А звезды, не зная что и думать, в поисках за луной рассыпались по всему небу. И напрасно, высунувшись по пояс из окна, луна звала их, махая своими детскими ручками.
Звезды, глядя на курносую девчушку, никак не могли догадаться, что это и есть сама светозарная луна.
Скрылись звезды, и луна поняла, что помощи ей от них ждать нечего.
Уныло расхаживала она из угла в угол, раздумывая как бы ей выбраться из комнаты и попасть к себе во дворец.
— То-то и оно-то, — сочувственно скосив глаз на девочку-луну, сказал трехногий конь, — у нас тут не очень весело, поди скоро сто лет, как о трех ногах мыкаюсь. Кабы лунные подручные вернули мне мою ногу, я бы и сам давно ускакал отсюдова.
Луна живо обернулась.
— Как лунные, — удивилась она, — ты был в лунном царстве?
— Случалось бывать и в лунном королевстве, — снисходительно глядя на девочку, сказал конь, — вишь, без ноги остался. И все это за то, что осмелился открыть золотую дверь в опочивальню луны. А кто ж его знал, что не велено чужаку переступать порог.
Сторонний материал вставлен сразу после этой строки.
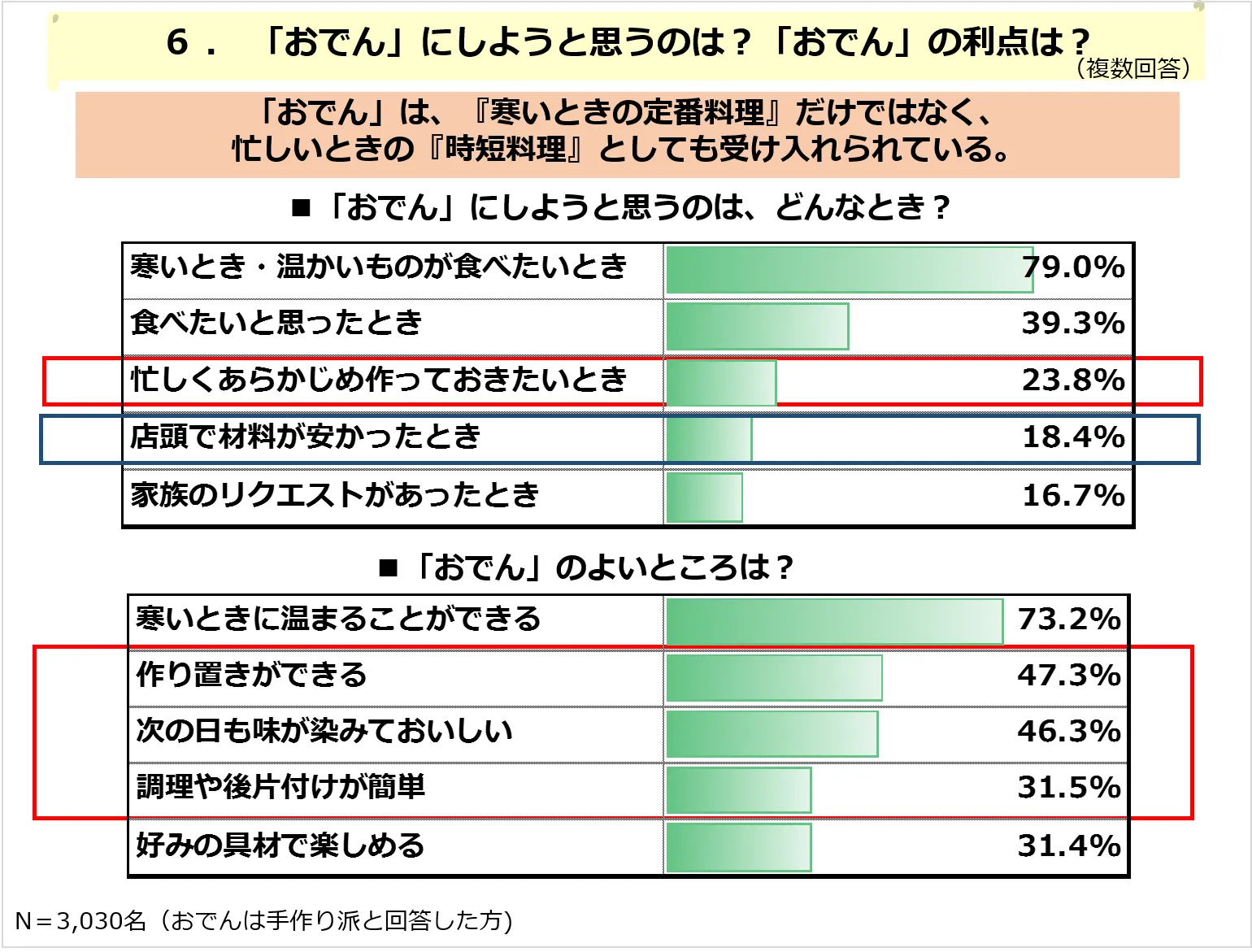 ・おでんは、体を温める『寒いときの定番料理』ではなく、『忙しいときの時短料理』としても受け入れられ、作るきっかけとしては「店頭で材料が安かったとき(18.4%)」など、おでん用食材の特売なども影響している。

— Так это был ты! — перебив коня, воскликнула луна, — и как мне было самой не догадаться, увидя тебя в окне. Как ты смел, бездельник! Пока я в баньке парилась, ты забрался в мою горницу, и скача будто по лугу, сожрал вместо травы мое новое изумрудное платье! Ни разу так и не успела его примерить.
От негодования луна багрово вспыхнула, лицо ее округлилось.
— Да что ты, хромой увалень, стоишь, вези меня немедленно во дворец! — говорила луна, а сама взбиралась к коню на спину, — дорожка, небось, не впервой! А ногу, так и быть, получишь обратно.
Рванулся конь, как услыхал о ноге: а вдруг и вправду, не какая самозванка, а луна! Уж больно грозна круглолицая девочка!
И понес он луну — от радости не чуя, на трех ли, на четырех бежит. С крыши на крышу перескакивал лунный конь, а конца пути не видно. Заблудились. Надобно было коню где-то свернуть и спуститься по жолобу, про это он точно знал, но по которому, никак не мог вспомнить.
А луна торопит. На дворе светает.
Зажмурился конь, напрягся, и кинулся наугад, да споткнулся.
Луна не удержалась — упала.
И куда девались руки и ноги, а ее клетчатый передник зацепился за трубу и повис.
Луна поднялась из-за синих крыш и полносветной луной поплыла по небу.
Ослепленный конь сразу и сообразить ничего не мог. А как опамятовался, глянул, а на трубе, из кармана клетчатого передника, торчит его пегая нога.
Не обманула луна, сдержала слово.
И весело стуча по крышам четырьмя копытами, конь пустился в путь-дорожку.
ЗЕЛЕНАЯ ОСЕНЬ
ришла осень, пожелтели листья. И только в одну тихую окрайную улицу осень забыла заглянуть. И на этой улице деревья остались по летнему зеленые.
Вскоре из соседних улиц перекочевали на нее голуби, потом воробьи, а за ними и все городские зверюшки. И не найти было незанятого уголка. Хоть по разному, но все радовались зеленым деревьям и у всех появилась уверенность: раз осень не пришла на эту улицу, то не будет у них и зимы.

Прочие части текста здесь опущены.